社長が目をキラキラさせながら言う。社長、といっても社員は5人の小さな会社で、会社、といってもちょっと広いマンションの一室くらいしかない。子供ももう1人生まれるし、そろそろもう少し広い所に引っ越さないあなた? と言って、ちょっとお金を持ってる若い夫婦が越してくる程度の広さだ。とはいうものの、フリーの僕に定期的に仕事をくれる、大事な取引先の一つではある。

「マジシャンですか・・・。なんでまた。」

社長の会社が細々と運営するニュースサイトは、大手ニュースサイトの見出しをとりあえず並べ、端の方にちょこちょこと連載企画があったりなんだかよくわからない自己啓発セミナーの案内があったりするだけの、ほとんど趣味レベルのサイトだ。連載企画の中には社長自ら執筆している「魁! 男の仕事術!」なんてものまであり、もはや誰が読んでるかもわからないし、ましてや採算が採れてるとは思えない。

「実は昨夜、知り合いに誘われてマジックバーなるものに初めて行ったんだけどね、いやぁマジックっていうのは面白いもんでねぇ」

昨夜ってあなた、得意の思い付きですか・・・。

「で、そこでマジシャンに聞いたんだけど、マジックの世界には色んな方法でプロ活動をしている人がいると。演技で飯を食う人、マジックのタネを作る人、レッスンをする人、道具販売をする人などなどなどなど。で、僕はピーンと来たわけさ! いまやビジネスモデルを勉強するならマジシャンに学べ! ってね!」

「はぁ、なるほど・・・。」

なんだか社長のよくわからないやる気スイッチがONになってしまったらしい。ただこの人はこうやってノリとテンションで始めた事で意外となんとかなってしまうから侮れない。

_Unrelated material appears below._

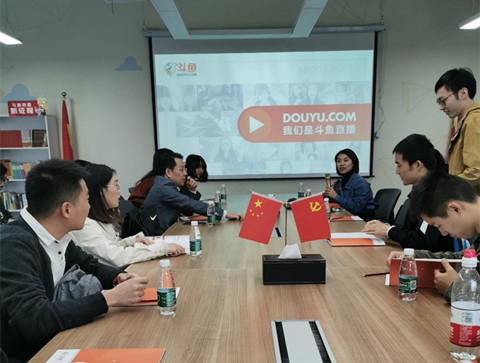 经过员工办公区,迎面而来的是斗鱼公司独具特色的文化宣传墙,文化墙展示了中国共产党的发展历史,也记录了斗鱼公司党建历程、红色文化建设以及丰富多彩的组织生活。曾老师介绍道,斗鱼在直播领域中率先创新性地成立起党支部,并且拥有众多优质的党员主播,除了在打造各类赛事和线下活动上游刃有余外,更是始终不忘正能量教育,获得了社会各界的好评。

「それで、確かマル君、確か大学の同級生にマジシャンの女の子がいるって言ってなかったっけ?」

ああ、そういうわけか。これでようやく繋がった。

「同級生、って言っても僕はもう大学辞めちゃってますけどね・・・」

「そんな事は関係ないよマル君! 僕の知り合いでマジシャンの知り合いがいるのなんてキミくらいだ! だからこそ、キミにこの仕事をお願いしたいんだ!」

つまりはまあ、社長の会社で運営するニュースサイトで「マジシャンに学ぶビジネスモデル」的な連載企画を始めるので、僕に月に一本、一人のマジシャンを取材してその活動内容を紹介する記事を書いてほしいと、そういう事だった。

「まあ月に一本だからそこまで負担でもないだろうし、それにほら、経費でマジックショーが見れるんだから楽しい仕事じゃないかっ!」

社長はもう有無を言わせない感じで、話を進めてしまった。マジシャンに学ぶビジネスモデル・・・。うーん、そんな記事読む人いるんだろうか・・・。
まあでもそういう感じで、僕は大学を辞めてから一年ぶりに、早瀬さゆりに連絡を取る事になった。








っていう感じの書こうかと思うんだけど、需要あるかしら・・・。